PROBLEM REQUIREMENTS >>
Nothing but the pictures may be dropped; the rest of the listing is to be written out exactly.

▬▬▬▬▬▬▬▬▬▬

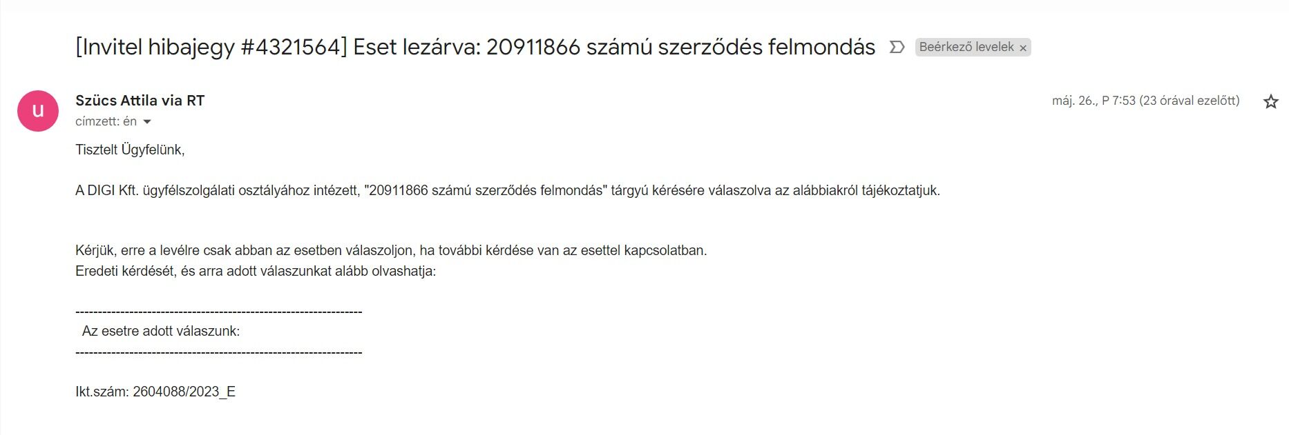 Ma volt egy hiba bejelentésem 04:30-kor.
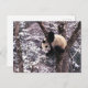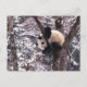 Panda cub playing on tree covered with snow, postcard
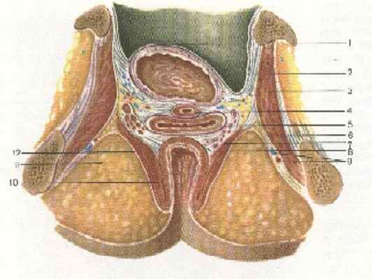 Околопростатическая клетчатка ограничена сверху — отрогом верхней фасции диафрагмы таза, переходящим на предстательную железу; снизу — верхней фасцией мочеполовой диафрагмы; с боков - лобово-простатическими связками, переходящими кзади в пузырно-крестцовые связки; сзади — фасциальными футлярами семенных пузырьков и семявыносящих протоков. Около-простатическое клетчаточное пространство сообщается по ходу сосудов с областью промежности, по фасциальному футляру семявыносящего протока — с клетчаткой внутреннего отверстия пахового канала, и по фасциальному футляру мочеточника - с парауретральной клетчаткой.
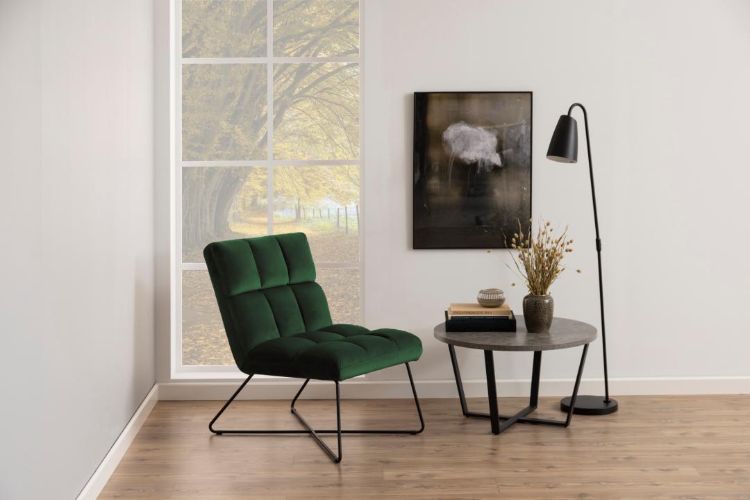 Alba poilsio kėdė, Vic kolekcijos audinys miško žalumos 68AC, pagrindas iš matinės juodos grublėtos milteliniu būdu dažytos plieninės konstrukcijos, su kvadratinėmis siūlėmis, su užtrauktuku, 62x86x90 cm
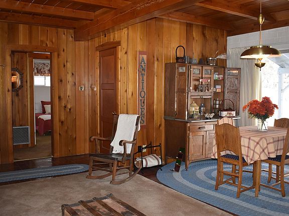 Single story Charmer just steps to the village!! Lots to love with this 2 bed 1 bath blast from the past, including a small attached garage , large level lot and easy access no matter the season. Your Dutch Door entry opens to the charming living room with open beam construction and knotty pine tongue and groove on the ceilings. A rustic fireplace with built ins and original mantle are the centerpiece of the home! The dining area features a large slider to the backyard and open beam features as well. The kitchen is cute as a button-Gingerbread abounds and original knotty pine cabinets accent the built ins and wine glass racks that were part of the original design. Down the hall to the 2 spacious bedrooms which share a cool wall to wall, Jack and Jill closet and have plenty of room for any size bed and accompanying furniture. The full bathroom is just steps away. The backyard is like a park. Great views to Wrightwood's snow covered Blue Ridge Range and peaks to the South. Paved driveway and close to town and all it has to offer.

▬▬▬▬▬▬▬▬▬▬

EXPECTED ANSWER >>
 Ma volt egy hiba bejelentésem 04:30-kor.
 Panda cub playing on tree covered with snow, postcard
 Околопростатическая клетчатка ограничена сверху — отрогом верхней фасции диафрагмы таза, переходящим на предстательную железу; снизу — верхней фасцией мочеполовой диафрагмы; с боков - лобово-простатическими связками, переходящими кзади в пузырно-крестцовые связки; сзади — фасциальными футлярами семенных пузырьков и семявыносящих протоков. Около-простатическое клетчаточное пространство сообщается по ходу сосудов с областью промежности, по фасциальному футляру семявыносящего протока — с клетчаткой внутреннего отверстия пахового канала, и по фасциальному футляру мочеточника - с парауретральной клетчаткой.
 Alba poilsio kėdė, Vic kolekcijos audinys miško žalumos 68AC, pagrindas iš matinės juodos grublėtos milteliniu būdu dažytos plieninės konstrukcijos, su kvadratinėmis siūlėmis, su užtrauktuku, 62x86x90 cm
 Single story Charmer just steps to the village!! Lots to love with this 2 bed 1 bath blast from the past, including a small attached garage , large level lot and easy access no matter the season. Your Dutch Door entry opens to the charming living room with open beam construction and knotty pine tongue and groove on the ceilings. A rustic fireplace with built ins and original mantle are the centerpiece of the home! The dining area features a large slider to the backyard and open beam features as well. The kitchen is cute as a button-Gingerbread abounds and original knotty pine cabinets accent the built ins and wine glass racks that were part of the original design. Down the hall to the 2 spacious bedrooms which share a cool wall to wall, Jack and Jill closet and have plenty of room for any size bed and accompanying furniture. The full bathroom is just steps away. The backyard is like a park. Great views to Wrightwood's snow covered Blue Ridge Range and peaks to the South. Paved driveway and close to town and all it has to offer.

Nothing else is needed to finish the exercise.